To be honest, I don't think that -- to use a very neoliberal phrase -- my return on investment on social media, in particular on Twitter, has been high enough to justify spending much more time on them. Musk's Twitter takeover already looks like a boon for the exact kinds of accounts that helped Trump. That's just not an environment that I see myself in any longer. So I decided to vastly reduce my Twitter presence and to use it only to advertise my writing. At the same time, I will use this Mailing List to disseminate more of the interesting stuff I find.
Speaking of finding interesting stuff, after I watched almost all Japanese accounts I follow on Instagram post pictures of blooming cherry trees -- it's a huge tradition there, I decided to check up on a tree nearby that I knew was a Japanese cherry tree. It's on my main route for my walks, so it was easy to keep track of it. Trees here started to bloom at least a couple of weeks after they had started in Tokyo and Nagoya, and there aren't just cherry trees.

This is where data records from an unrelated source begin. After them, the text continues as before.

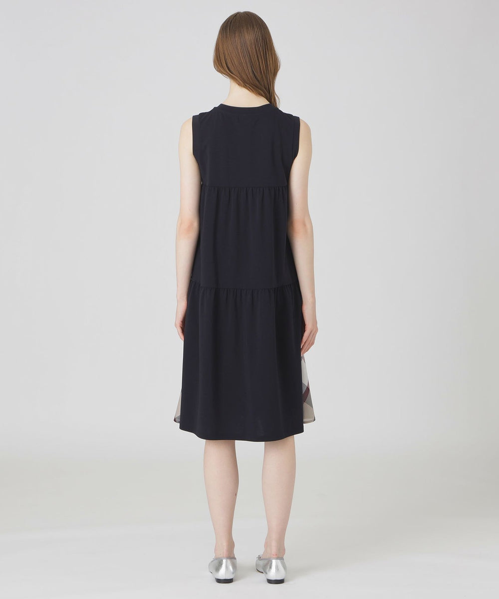 ◆クレストブリッジチェック切替がポイントのティアードドレス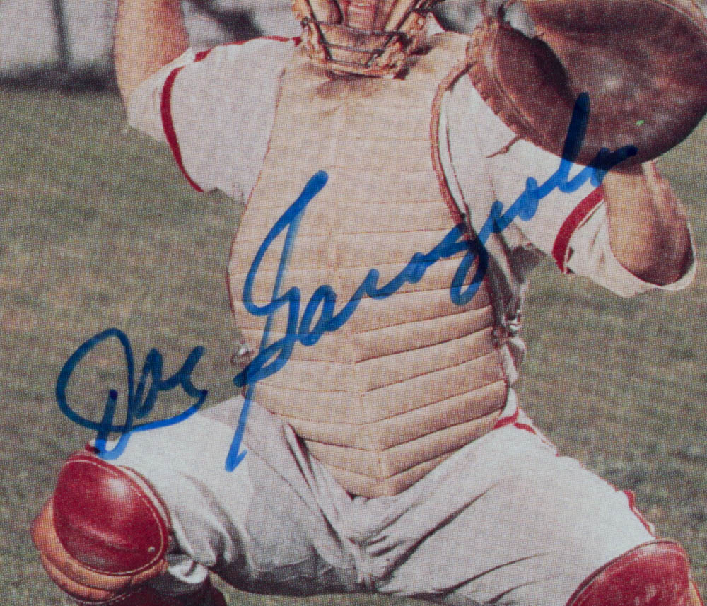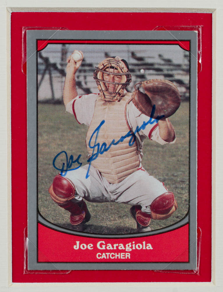 Custom matted display measures approximately 14" x 18" in size and features a 1990 Pacific Legends #24 card that measures approximately 3" x 4" in size and has been hand-signed by Joe Garagiola Sr. (D. 2016, St Louis Cardinals). Display also includes a photo that measures approximately 8" x 10" in size of Joe Garagiola Sr.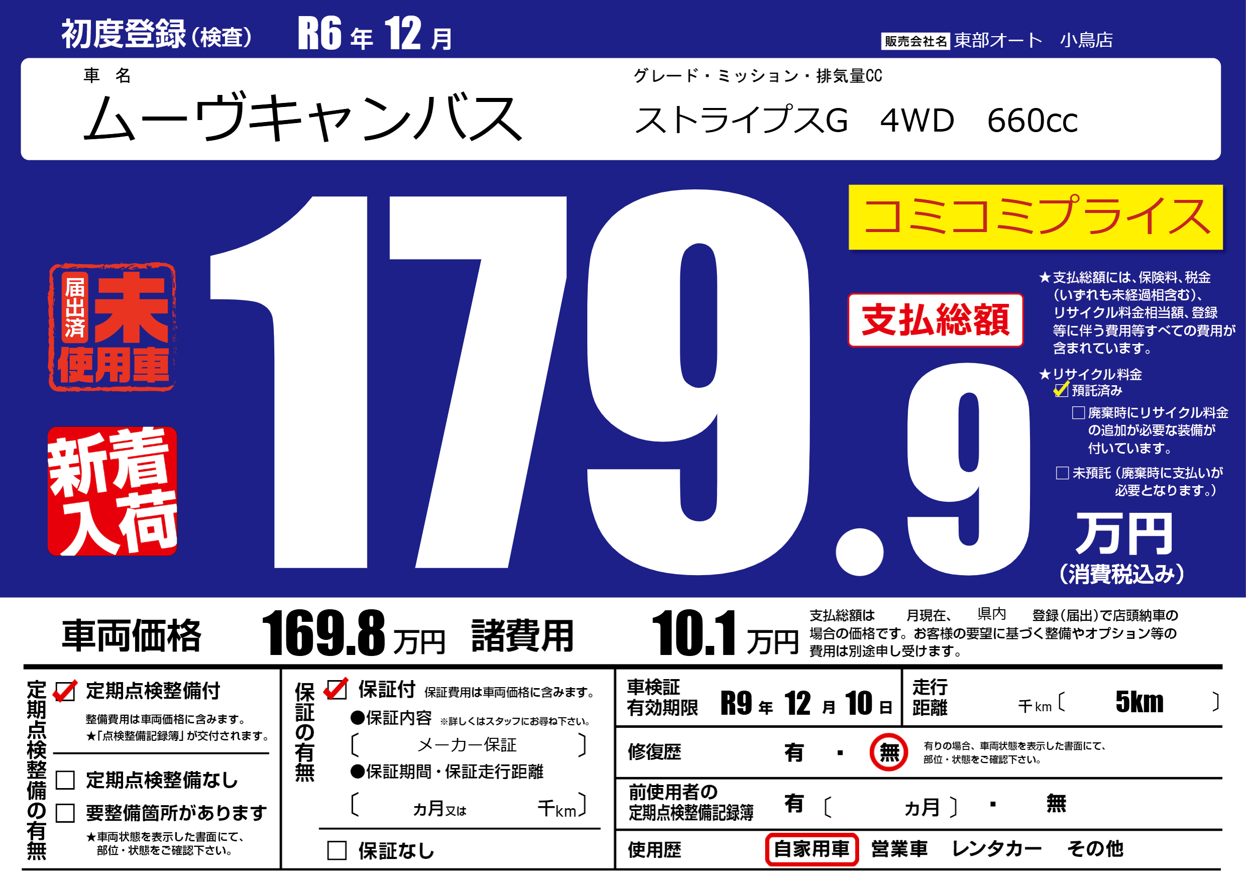 | 走行キロ | - | 初年度登録 | R6年12月 |

While I was still waiting for "my" cherry tree, I noticed what looked like two other trees that were already in full bloom. Were those also cherry trees? And if so, why would they bloom before that one tree I knew of had started? Long story short, there exists a variety of Japanese cherry trees (a Japanese contact told me of eight famous ones). And there are more cherry trees here than that one I had known of. Apparently, I had never paid enough attention. From what I gather, there are at least three different types of Japanese cherry trees here: if you look carefully, you can see their differences.
I went out a few times to look at them and to take pictures. They're beautiful against a blue sky; but they were also very beautiful one day against a cloudy light grey sky (which makes for much better photo light).
Japanese cherry trees bloom for only a very short period of time (a week to ten days) before their petals fall. In Japan, that's seen as a sign of their beauty: you better enjoy it while it lasts, knowing that it's their fleeting nature that reminds you of the fickleness of life in general. I've been trying to bring this mind set to my life, even as I am making only slow progress. So one day, I brought along a little Moleskin calendar from a few years ago, and I collected samples from the trees, pressing the flowers (which, of course, probably isn't what you'd expect a middle-age guy with greying hair to do; but I don't care much about what people think).
The weeks before, I had already had the idea to somehow make something out of the cups of green tea I'm enjoying every day. Much like the flowers of cherry trees differ, so do the various types of green tea I use. There are many shades of green, and the leaves come in different shapes and sizes. So far, I've been thinking about making cyanotypes (hello, Anna Atkins!). But cyanotypes are blue, and from what I found, you can't tone them green. I haven't fund a solution, yet.
I think that all of this connects to photography. From what I can tell, many photographers are the types who collect -- to preserve. In fact, we all do that with our photographs to commemorate an occasion. But people who spend more time with photography appear to be especially focused on this: collecting objects, collecting images.
With that I'm going to conclude for today, because I just got a new shipment of tea in the mail. It's time for another cup.
As always thank you for reading and following along!